Lifecycle: lifecycle

Introduction to ggpiestats

The function ggpiestats can be used for quick data exploration and/or to prepare publication-ready pie charts to summarize the statistical relationship(s) among one or more categorical variables. We will see examples of how to use this function in this vignette.

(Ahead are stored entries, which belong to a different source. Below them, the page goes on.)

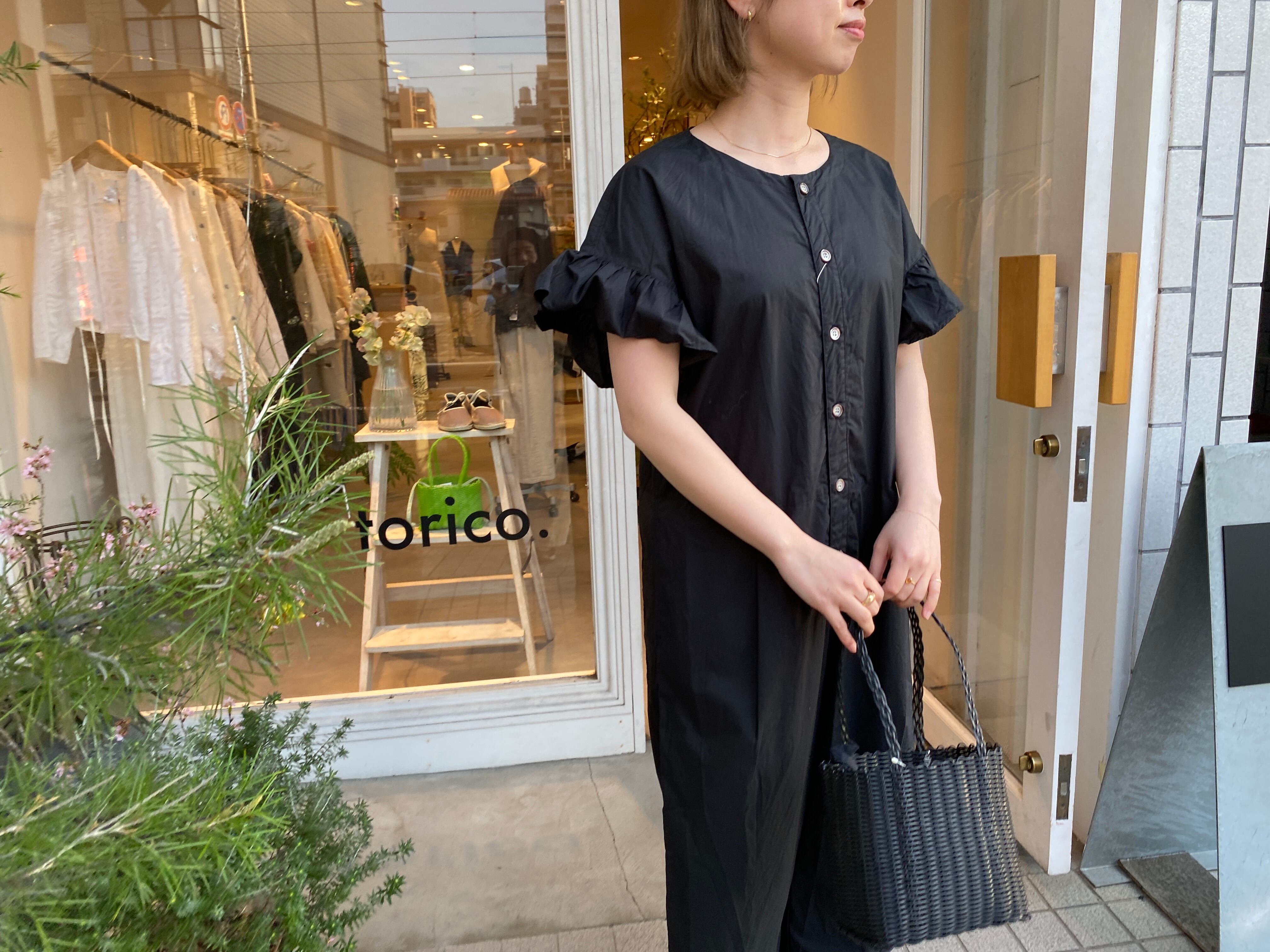定番人気素材タイプライター生地のサロペット。
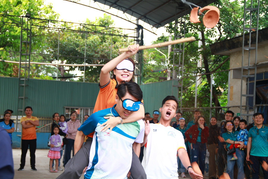 Phần thi bịt mắt đập niêu tạo những tiếng cười rộn ràng hơn cả. Các vận động viên bị bịt mắt, tay cầm gậy, dò dẫm bước về phía chiếc niêu treo lơ lửng. Với sự phối hợp nhịp nhàng, ăn ý, đội Câu lạc bộ các Báo Thường trú tỉnh Gia Lai đã xuất sắc đập trúng niêu trong thời gian ngắn nhất để giành giải nhất ở phần thi này.
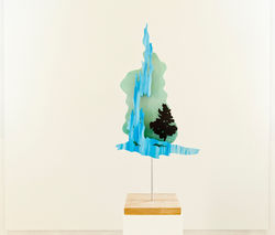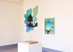 I tillegg til maleri på lerret består utstillingen av det kunstneren selv beskriver som collageobjekter – billedelementer satt sammen til tredimensjonal form. Verkene befinner seg dermed i skjæringspunktet mellom maleri og installasjon, mellom todimensjonal og tredimensjonal form.
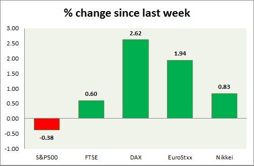 Equities are gaining ground today after. Performance this week at a glance in chart & table -
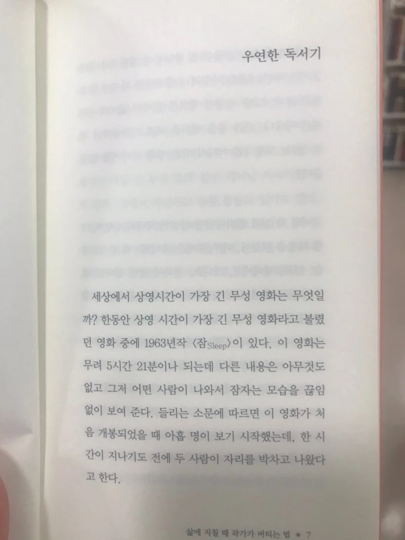 세상에서 가장 긴 무성영화는 1963년작 <잠sleep>이었답니다. 어떤 사람이 잠자는 모습을 무려 5시간 21분 동안 끊임없이 보여준대요. 곽재식의 <삶에 지칠 때 작가가 버티는 법>(출판사가 무려 북스피어) 첫 머리에서 알려줍니다.
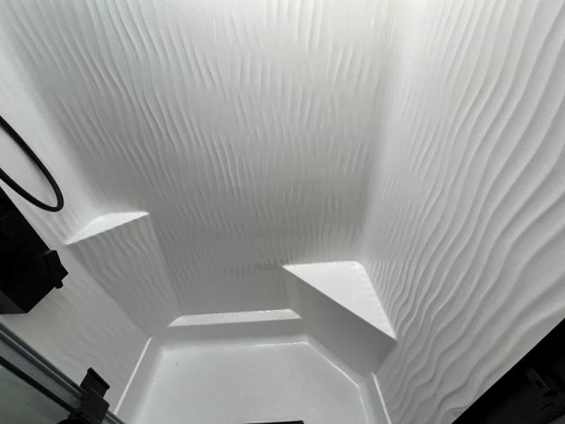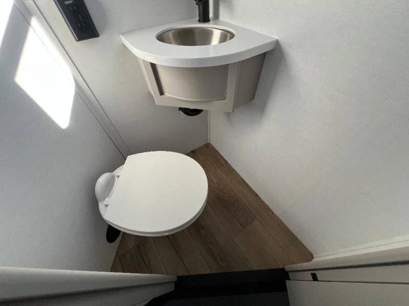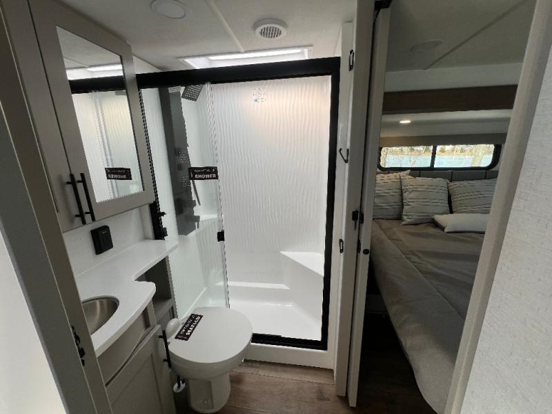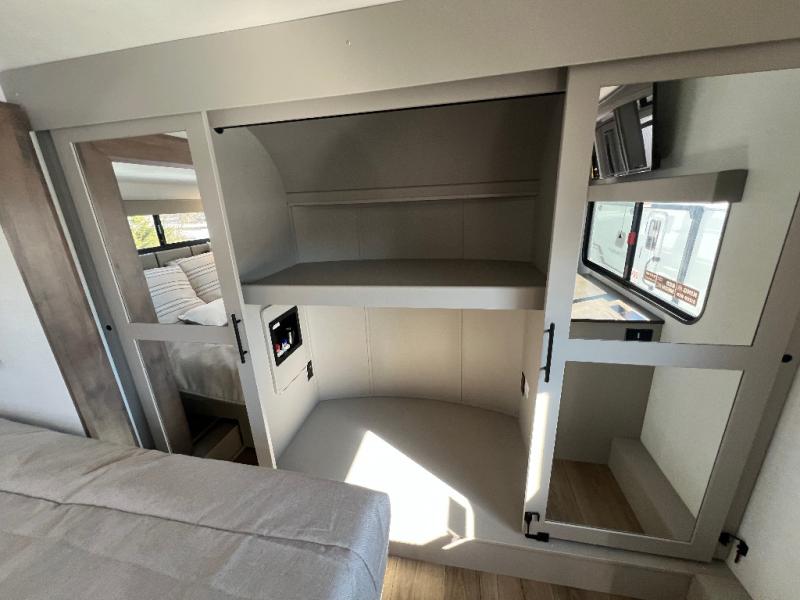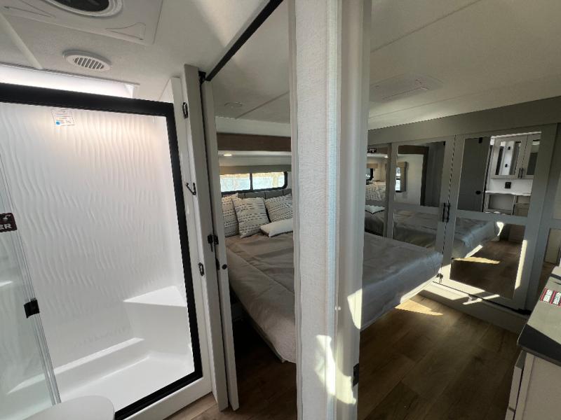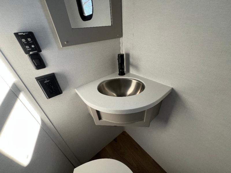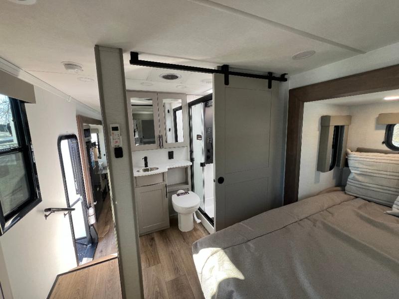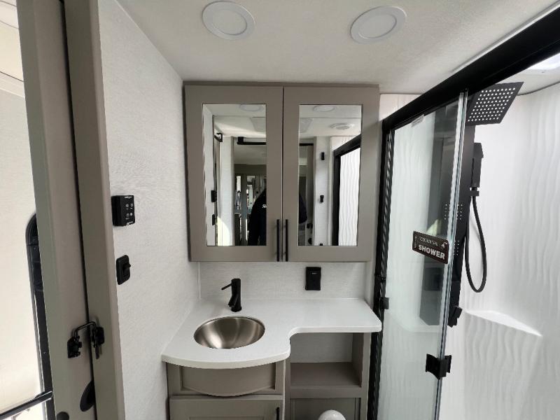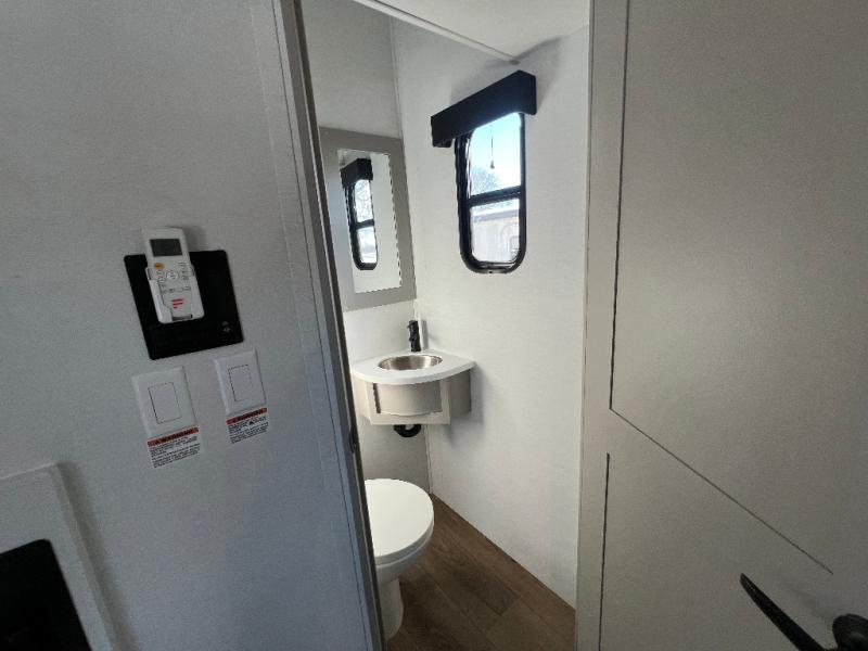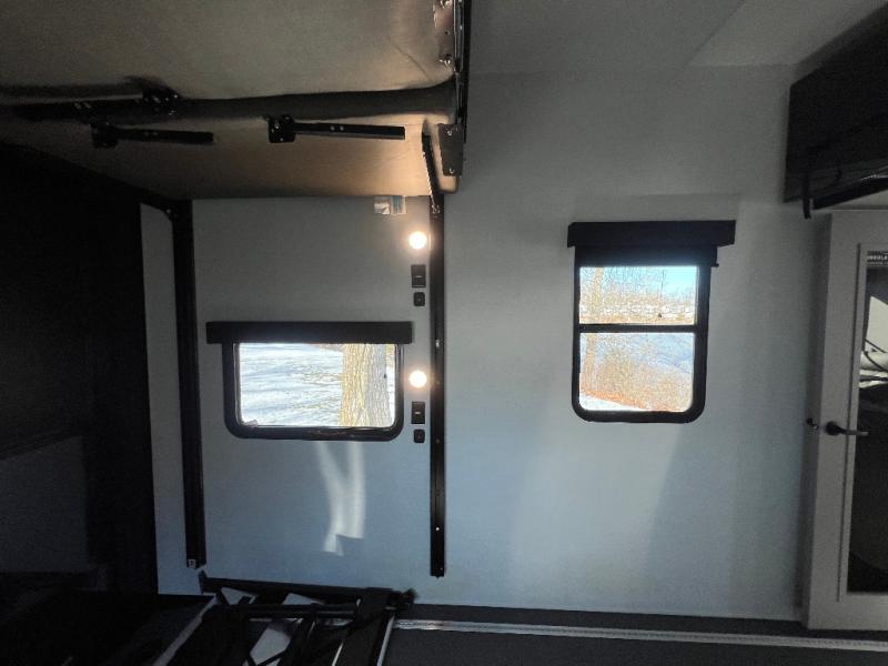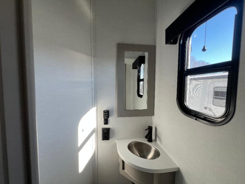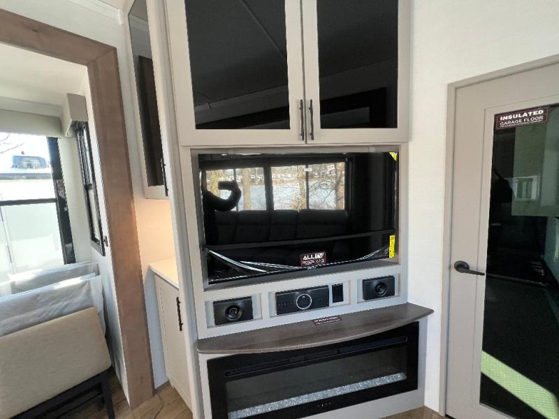 The whole gang will love camping in this toy hauler with a 14' garage for your toys and gear. Once you have arrived at your destination, you can set up the HappiJac roll-over sofas with a queen bed above them, and also a loft which opens to the garage area as well. A half bath is also available off the garage which is an added convenience for those sleeping in this converted area, and for those coming in off the trail so that they do not have to track all through the main unit to use the bathroom. The chef can prepare great meals for their hungry crew with the fully equipped kitchen including a four-burner cooktop, a 12V refrigerator, large sink, and plenty of countertop prep space. The rest of the gang can be relaxing on the large L-shaped sofa slide watching the 50" HDTV and enjoying the fireplace or playing a game of cards at the dining table with four chairs. The front private bedroom features a king bed slide for more interior space, a flip top dresser for all of your belongings, and a front wardrobe with washer and dryer prep, plus it has an entrance into the dual entry bathroom!

To begin with, here are some instances where you would want to use ggpiestats-

  • to check if the proportion of observations matches our hypothesized proportion, this is typically known as a “Goodness of Fit” test

  • to see if the frequency distribution of two categorical variables are independent of each other using the contingency table analysis

  • to check if the proportion of observations at each level of a categorical variable is equal

Note: The following demo uses the pipe operator (%>%), if you are not familiar with this operator, here is a good explanation: http://r4ds.had.co.nz/pipes.html.

ggpiestats works only with data organized in dataframes or tibbles. It will not work with other data structures like base-R tables or matrices. It can operate on dataframes that are organized with one row per observation or dataframes that have one column containing counts. This vignette provides examples of both (see examples below).

To help demonstrate how ggpiestats can be used with categorical (also known as nominal) data, a modified version of the original Titanic dataset (from the datasets library) has been provided in the ggstatsplot package with the name Titanic_full. The Titanic Passenger Survival Dataset provides information “on the fate of passengers on the fatal maiden voyage of the ocean liner Titanic, including economic status (class), sex, age, and survival.”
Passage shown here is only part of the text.